TASK STATEMENT: Pictures stay out of this copy; please retype only the lines from the start of the records through the line with "WORDS AND MUSIC BY NAZARETH".

Records from a data source:
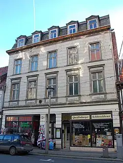 - Landesamt für Denkmalpflege Sachsen-Anhalt (Hrsg.): Denkmalverzeichnis Sachsen-Anhalt. Band 7: Falko Grubitzsch, unter Mitwirkung von Alois Bursy, Mathias Köhler, Winfried Korf, Sabine Oszmer, Peter Seyfried und Mario Titze: Landkreis Quedlinburg. Teilband 1: Stadt Quedlinburg. Fliegenkopf, Halle 1998, ISBN 3-910147-67-4, Seite 131.
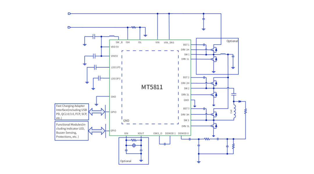 MT5811是一款集成USB PD、QC等快充协议、高度集成的符合WPC Qi最新标准的无线充电发射芯片,支持15W输出功率。MT5811集成ARM M0 处理器,拥有卓越的高效率和紧凑设计,提供强大、自主的二次开发空间。芯片内部集成3对NMOS驱动器,可用于单线圈应用的无线充电器,支持定频调压控制,无需外置驱动器。
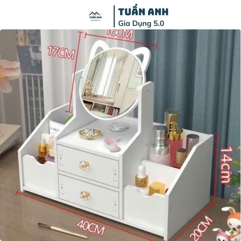 ️- Có 2 ngăn đựng tiện lợi, đa dạng kích thước kèm theo gương soi tai mèo dễ thương, đáng yêu
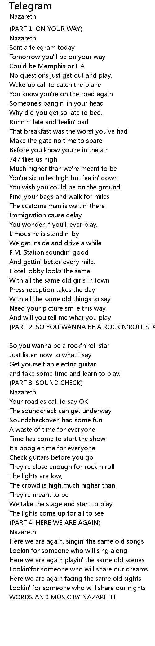 WORDS AND MUSIC BY NAZARETH
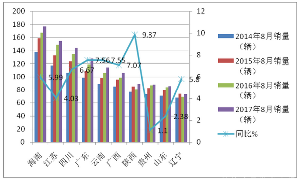 2、在前10个旅游市场中,海南是市场份额最大的旅游区域市场,主要因为该区域有三亚等著名的旅游休假城市,而且海南国际最大的旅游岛屿,销量同比上升5.99个百分点。 3、其次是江苏区域,是旅游客车销量第二大的区域,那里也是我国著名的旅游胜地不仅有六朝古都南京,还有无锡著名的三国城和苏州园林、苏北连云港的花果山等旅游胜地,旅游客车的销量2017年8月同比提高了4.03个百分点。是2017年8月主要区域市场中增幅幅度最大的市场。
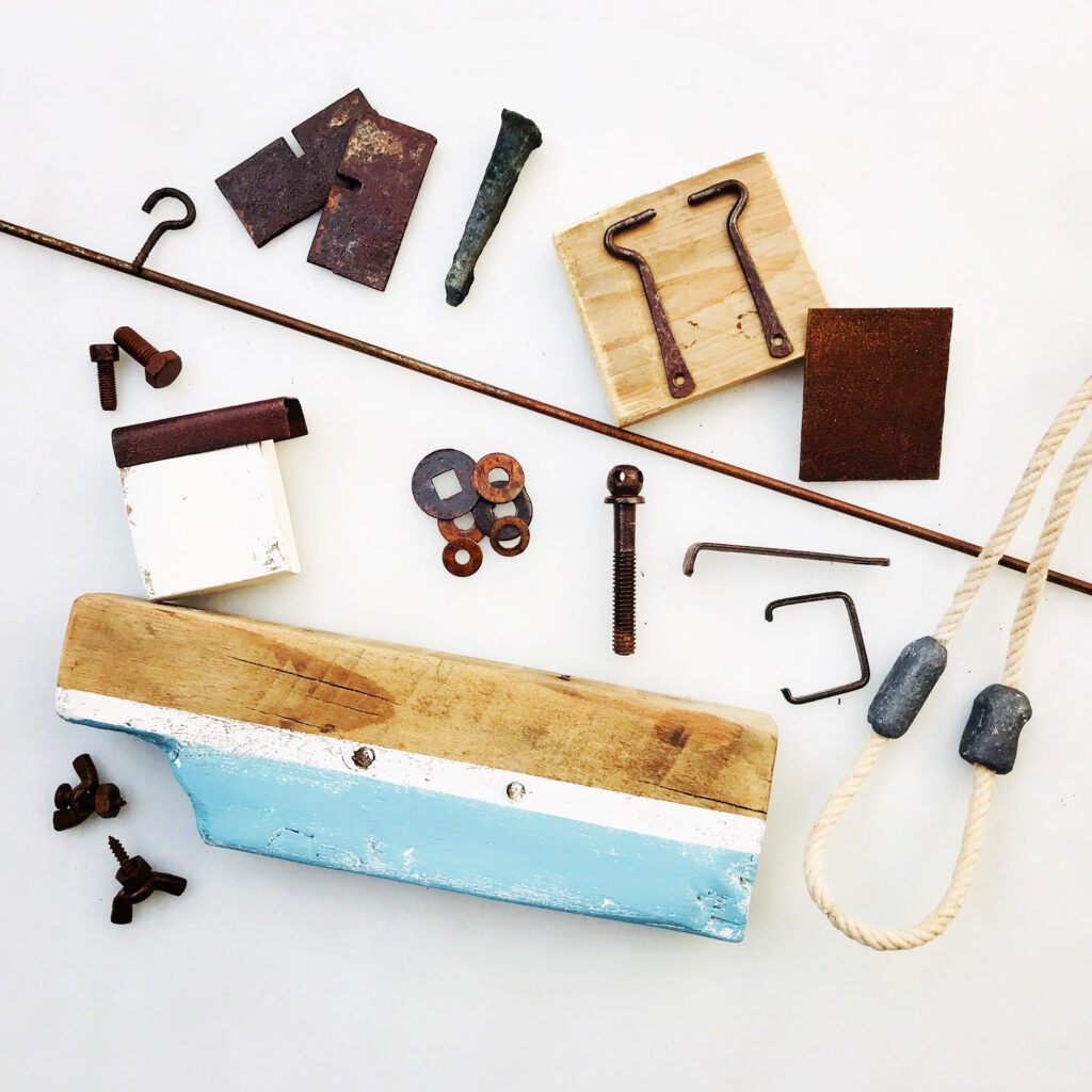 Ollivier es bretón, llegó a España hace 25 años y está afincado en Sitges. Le encanta dar largos paseos por las playas y las calas de las Costas del Garraf. De aquí viene su inspiración. Durante esos paseos por la costa, recoge maderas a la deriva, metales oxidados, partes de redes de pescadores y otros desechos del mar. Durante el confinamiento empezó a transformar todo lo que había recogido, en piezas únicas con inspiración náutica. Ballenas, faros, barcos o pueblos de pescadores nacen en función de la forma de las piezas de madera. Así nació el proyecto RESEACLA, cuyo nombre viene de la combinación de RECICLA en castellano, y SEA en inglés. Dos temas a los que Ollivier da mucha importancia: el reciclaje y la protección del mar. El trabajo que envió se puede ver en las 5 imágenes de arriba.

ANSWER TO THE PROBLEM:
 - Landesamt für Denkmalpflege Sachsen-Anhalt (Hrsg.): Denkmalverzeichnis Sachsen-Anhalt. Band 7: Falko Grubitzsch, unter Mitwirkung von Alois Bursy, Mathias Köhler, Winfried Korf, Sabine Oszmer, Peter Seyfried und Mario Titze: Landkreis Quedlinburg. Teilband 1: Stadt Quedlinburg. Fliegenkopf, Halle 1998, ISBN 3-910147-67-4, Seite 131.
 MT5811是一款集成USB PD、QC等快充协议、高度集成的符合WPC Qi最新标准的无线充电发射芯片,支持15W输出功率。MT5811集成ARM M0 处理器,拥有卓越的高效率和紧凑设计,提供强大、自主的二次开发空间。芯片内部集成3对NMOS驱动器,可用于单线圈应用的无线充电器,支持定频调压控制,无需外置驱动器。
 ️- Có 2 ngăn đựng tiện lợi, đa dạng kích thước kèm theo gương soi tai mèo dễ thương, đáng yêu
 WORDS AND MUSIC BY NAZARETH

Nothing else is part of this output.